• Researchers found gray reef sharks surfing in the updraft zones
  • They don't do it for fun, but to reduce their energy expenditure
  • The findings could help explain why sharks prefer certain areas

What do sharks do if they have to save a bit of energy? Apparently, they surf.

Florida International University (FIU) marine scientist Yannis Papastamatiou noticed the odd behavior during a diving trip, the university said in a news release. He saw sharks moving against rather strong currents but they were "barely moving their tails."

In a system that's quite like a conveyor belt, a shark would let the current take it back to where it began once it reaches the end of the line. Then the next shark also does the same, and it continues.

"During the day, they're pretty placid and relaxed, swimming with minimal effort," Papastamatiou said.

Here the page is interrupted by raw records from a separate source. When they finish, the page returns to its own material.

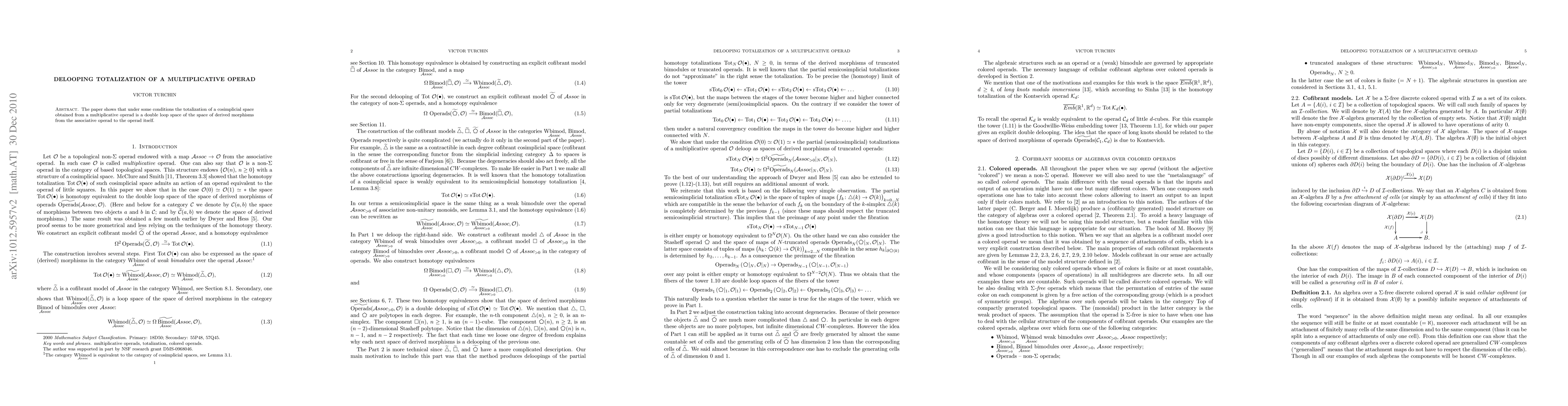 The paper shows that under some conditions the totalization of a cosimplicial space obtained from a multiplicative operad is a double loop space of the space of derived morphisms from the associative operad to the operad itself.
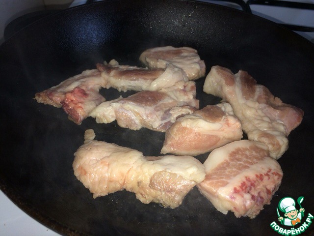 2) На очень раскалённую сковородку выкладываем наше мясо и жарим до золотистой корочки ( буквально по полтора минутки). Все мясо за раз, не жарим!!! а то оно пустит сок и начнёт тушится, а не жарится.
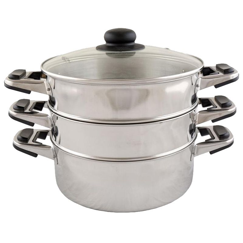 Крышка стеклянная G-типа, с пароотводом, прозрачная. Такая крышка позволяет следить за процессом приготовления пищи без потери тепла, прилегает к краю кастрюль, сохраняя аромат блюд. Бакелитовые ручки не нагреваются. Ручки прикреплены методом клепочной фиксации. Количество секций 3шт, высота секции 5 см наружная полировка - зеркальная. Кастрюля для воды 11см. Диаметр 24 см. Подходит для всех видов плит
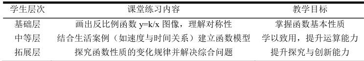 表1 反比例函数课堂差异化练习设计

For a new study, published in the Journal of Animal Ecology, an international team of researchers led by Papastamatiou used acoustic tracking tags, diver observations and even "animal-borne cameras" to observe the strange behavior in gray reef sharks in the southern channel of Fakarava Atoll, French Polynesia.

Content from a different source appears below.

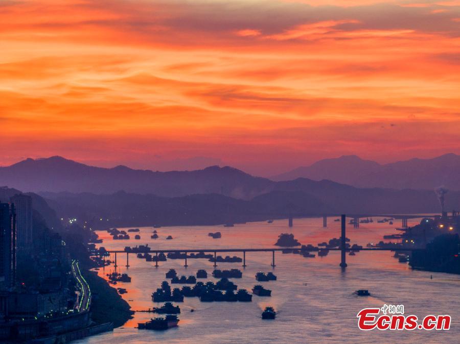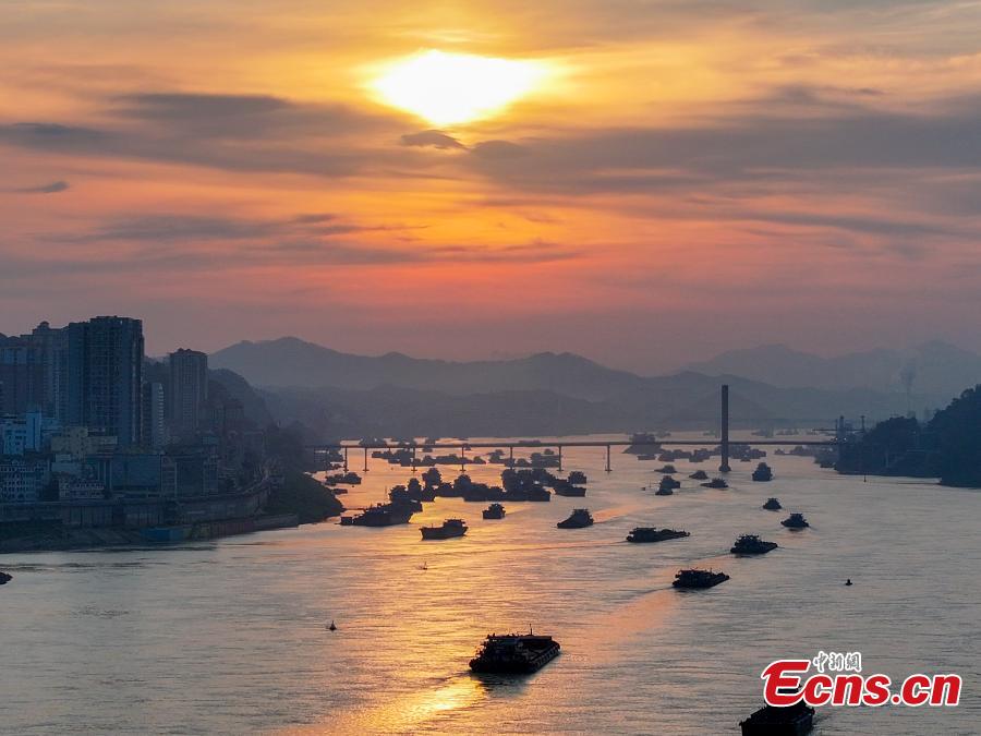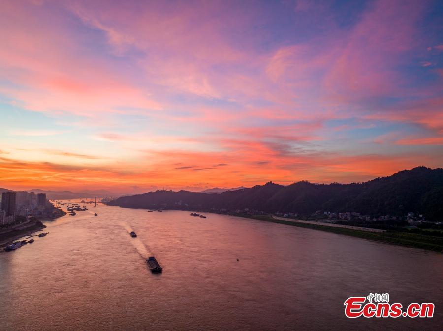 Photo taken on Aug. 30, 2025 shows the golden waterway of the Xijiang River in Wuzhou City, south China's Guangxi Zhuang Autonomous Region, bathe in the rosy hues of dawn. (Photo provided to China News Service)

Their work confirmed that the sharks remained in the channel even during the daytime when they weren't hunting. The sharks chose updraft areas and, even changed the surfing depth depending on whether the tide is incoming or outgoing.

Using a biochemical model, the researchers found that surfing in the updraft zones allowed the sharks to save 10 to 15% of their energy.

"Gray reef sharks save energy using predicted updraft zones in channels and 'surfing the slope,'" the researchers wrote. "Analogous to birds using wind-driven updraft zones, negatively buoyant marine animals may use current-induced updraft zones to reduce energy expenditure."

In other words, surfing lets the sharks get some rest.

The researchers' findings could help explain why there are more sharks in some places, the news release noted, adding that it may also help predict the places they prefer.

"This study is a nice demonstration of energy seascapes, a spatial representation of how much energy it costs an animal to move through an environment," Papastamatiou said.

"Marine environments are a lot more dynamic because of the water currents, which are much less predictable. They can change seasonally, throughout the day and even minute by minute. Ultimately, the energy seascape helps explains why these animals are in this channel hanging out there during the day. Now we have an answer," he added.